News

瀧本が 公開講座「恋する人間」@北海道大学文学部 で講演しました。

瀧本が北海道大学文学部公開講座「恋する人間」(https://www.let.hokudai.ac.jp/event/2017/04/12330/)で講演しました。

タイトル:

 求め合うこころ―伴侶動物と育んできた絆―

要旨:

 私たち人間が恋をするのは人間だけではありません。ペットを飼ったことがある人なら誰もが、そのペットのことを家族のようにかけがえのない存在であると感じたり、恋しく思ったりしたことがあるはずです。このように私たち人間の家族や社会の一員のようになっている動物のことを伴侶動物(コンパニオンアニマル)と言います。

 伴侶動物にはイヌやネコ・ハムスター・ウマなどが含まれます。特に日本では、伴侶動物の代表格であるイヌやネコの飼育数がそれぞれ約1000万頭にものぼり、伴侶動物がストレス社会で果たす役割は年々大きくなってきています。彼らは今や私たちがよりよく生きるために不可欠な存在となりつつあるでしょう。

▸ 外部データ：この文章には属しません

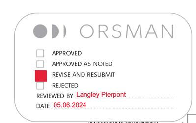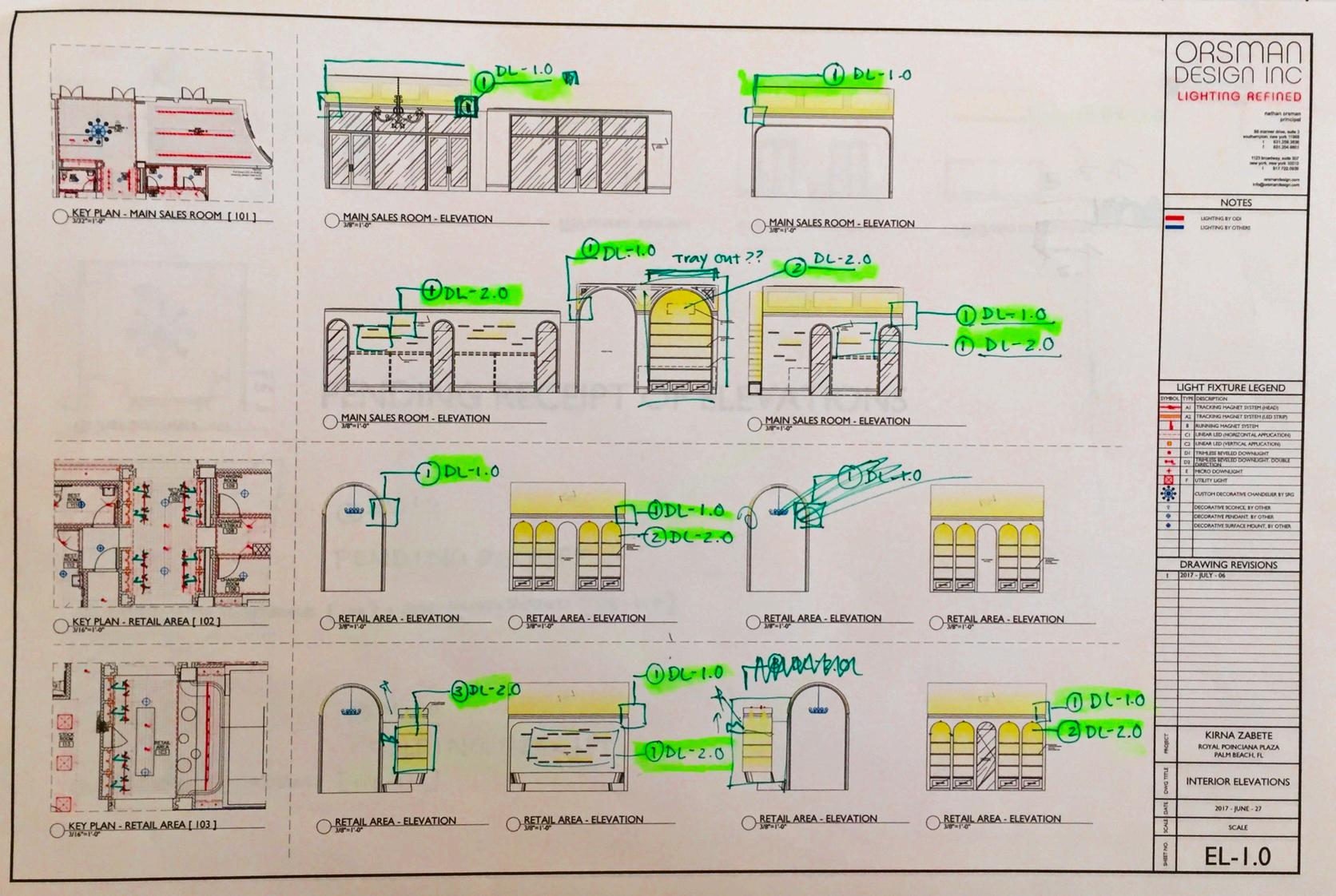 Review of all elevations and shop drawings to verify each lighting detail was caught and applied to millwork/stone work drawings Shop stamps indicating approval/revisions
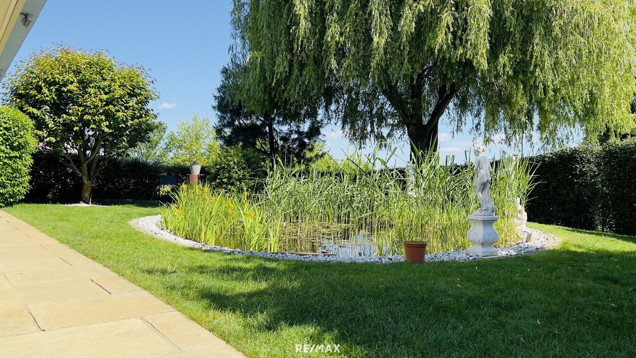 Ein besonderes Highlight ist der liebevoll gestaltete Garten mit Grünflächen, einem Biotop, Hochbeeten und mehreren ruhigen Sitzplätzen, der eine private Wohlfühloase schafft. Zusätzlich lädt eine Terrasse mit einer Größe von ca. 15 m² zum Verweilen ein.

 では、なぜ彼らは伴侶動物となりえたのでしょうか。なぜ私たち人間と伴侶動物はこんなにも互いを求め合い、慈しむことができるようになってきたのでしょうか。そうした疑問を解き明かすため、動物心理学では、伴侶動物が人間とのコミュニケーションにおいてどのようなシグナルを認知・理解しているかなど、伴侶動物のこころに関する基礎的な研究を進めています。そうした科学的知見の積み重ねにより、人間と伴侶動物との共生に貢献することを目指しています。本講義では、伴侶動物の中でもイヌとウマに注目し、彼らと人間がなぜ・どのようにして強く優しい絆を育み、これほどまでに互いを求め合う関係に至ったのか、そのこころの仕組みについて、最新の研究成果を交えながら、お話したいと思います。